Publication Year: 2012

Though Hugh Sheehy's often tragic, sometimes gruesome stories feature bloodied knives and mysterious disappearances, at the heart of these thoughtful thrillers are finely crafted character studies of people who wrestle with the darker aspects of human nature—grief, violence, loneliness, and the thoughts of crazed minds.

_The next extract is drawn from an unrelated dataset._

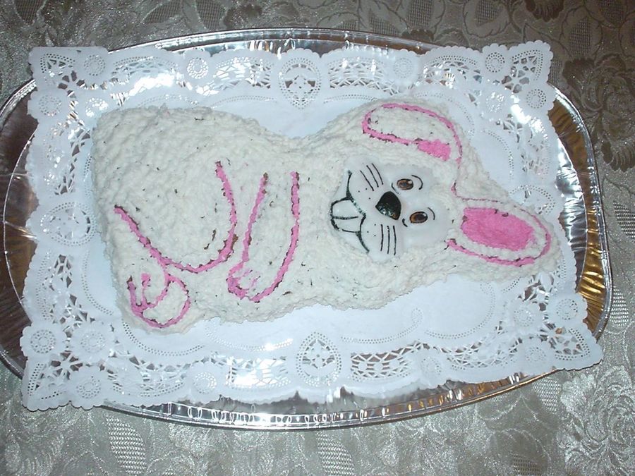 bunny shaped vanilla cake. bunny's face was made of rolled fondant and painted by my son using food decorating pens. rest of the body decorated with BC icing.

Sheehy's stories shine a spotlight on the bleak fringes of America, giving voice to the invisibles who need it most. A dismal assistant teacher spiking her coffee after school is suddenly locked in a basement with a student who has just witnessed his father's murder. A seventeen-year-old girl at a skate rink whose name no one can remember is motherless, friendless, and sure she will be the next to go. The heartbroken victim of a miscarriage dreams of her fetus's voyage through the earth's plumbing. The estranged addict son, certain of his innate goodness, loses himself in a blizzard and fails his family again. Sheehy's characters learn that however invisible they may feel and whatever their intentions, their actions incur a cost both to themselves and those around them. They struggle to tame or come to terms with the forces they meet—the tragedies—that are far larger than their small existences. In this debut, Sheehy illuminates the all-but-silent note of adult loneliness and how we cope with it or, perhaps, just move past it.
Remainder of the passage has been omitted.